# The Street...



## CharismaticMillie (Jun 16, 2010)

Hmmm...I've had 3 poodles and not one has ever had a healthy fear of the street. I just have to keep them on a leash or in the fenced in back yard.


----------



## AgilityIG (Feb 8, 2009)

Why take the risk. Put her on a leash or in a fenced area. It just isn't worth it.


----------



## pudlemom (Apr 16, 2010)

AgilityIG said:


> Why take the risk. Put her on a leash or in a fenced area. It just isn't worth it.


Agreed,they do make a long cable tie out that you could use and she could roam around with you on that and you would not have to worry about her getting in the street.


----------



## flyingduster (Sep 6, 2009)

Yup, I agree. In fact, I want to stress that you do NOT want her scared of the street; fear is hard to control and there is no 'healthy' level of fear. If she was on a lead going for a walk and is afraid to go anywhere near the street, it will cause difficulties.... There is also no humane way to teach her to fear something IMO, as I don't see causing fear to be humane at all....


However, I do know what you mean, you don't actually want your dog to be scared (I only covered the above for the benefit of anyone who may take it the wrong way!) but you want your dog to recognise the boundaries and not cross them without explicit permission by you. Correct?

I would start by having a long line for her to be able to spend time with you in the front yard SAFELY while you are busy. It will then give her an idea of hanging out with you without leaving to go elsewhere, but it means you need not worry about where she is as much and get on with your gardening. Give her a bone or something to chew on too.


Over time you will perhaps be able to spend some more time with her in the front yard for short spells when you're not too distracted and let her be with you. I'd be calling her away from the front boundary any time she went near it, and perhaps providing her with something to chew on to keep her occupied.


But in the end it will really just be time and consistency. Especially if she's reasonably new to all this 'yard' stuff! lol. Keep calling her away from teh front of the yard and encourage her to spend time back from the front edge. Keep close tabs on her, and don't push it too far; if your'e going to be out there for a while then put her on the long line again before you forget to watch what she's up to. If you cannot supervise her ACTIVELY, then she needs to be on a long line initially. It isn't worth the risk!!! 

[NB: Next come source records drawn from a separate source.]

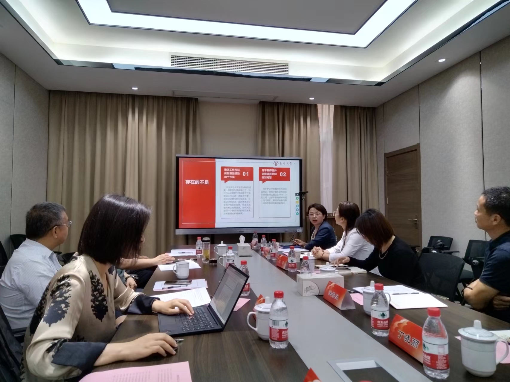 视导组现场查阅“国培计划”相关档案资料,就材料整理的有序性和直观性给予了高度评价,针对材料内容与项目执行人员进行了深度交谈。会后,视导组进行了教学场地的实地考察
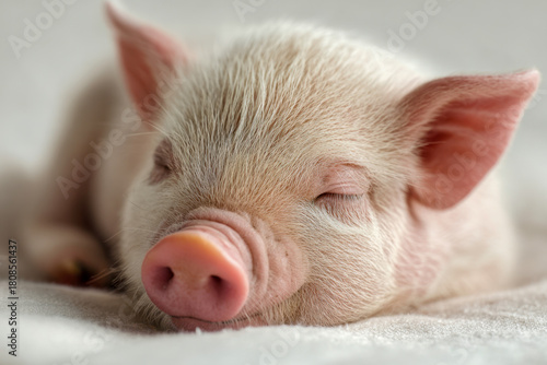 Adorable baby piglet peacefully sleeping on a soft surface with closed eyes and relaxed expression in natural soft lighting close-up portrait
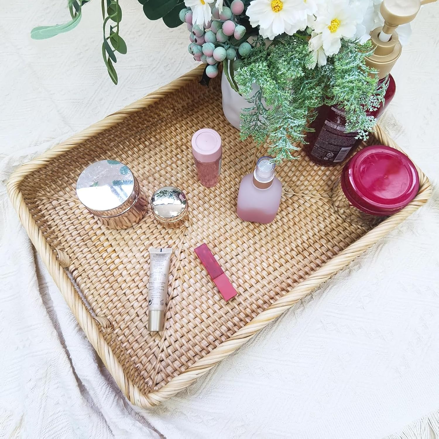 - Widely Applicable Rattan Organizers Storage Basket: Retro brown and suitable size boho decorative tray is perfect for the kitchen, lobby, party, cocktails, office, coffee table, or bedroom to organize bread, fruit, towel, soap, other odds and ends.

And ANY time you have her off lead where she can get away is a risk you must be fully aware of. Yes, I take Paris all over the place without a lead, in fact she rarely ever wears a collar at all and she travels to work with me every day (so is going from the house, to the car, from the car park to the shop, and back again with no collar or lead. She will come into the open drive-way at home to collect the mail with me etc too) but it's something I know is a risk and I must be diligent. If anything were to happen to her (she got away or something) then I would be the only one at blame, and I have to be ok with taking that risk. No dog can be trusted 110%, no matter how much you think they can be, there will be SOMETHING that could trigger your dog into running off. It might be just a leaf for some, or it might be a nuclear explosion under their tail, but NO dog is totally and utterly bomb proof. We must accept that any time our dog is off lead somewhere where they can easily escape.


----------



## CharismaticMillie (Jun 16, 2010)

I agree - just keep her leashed or use a cable. I really don't like electric fences either but don't get me started on that one LOL. I can't tell you how many dogs just ignore their electric fence in my neighborhood


----------



## JE-UK (Mar 10, 2010)

Ditto from me. Mine is leashed around roads, full stop. We do train him to sit and wait at every crossing, so much so that he will do it automatically, but I would never rely on that off lead.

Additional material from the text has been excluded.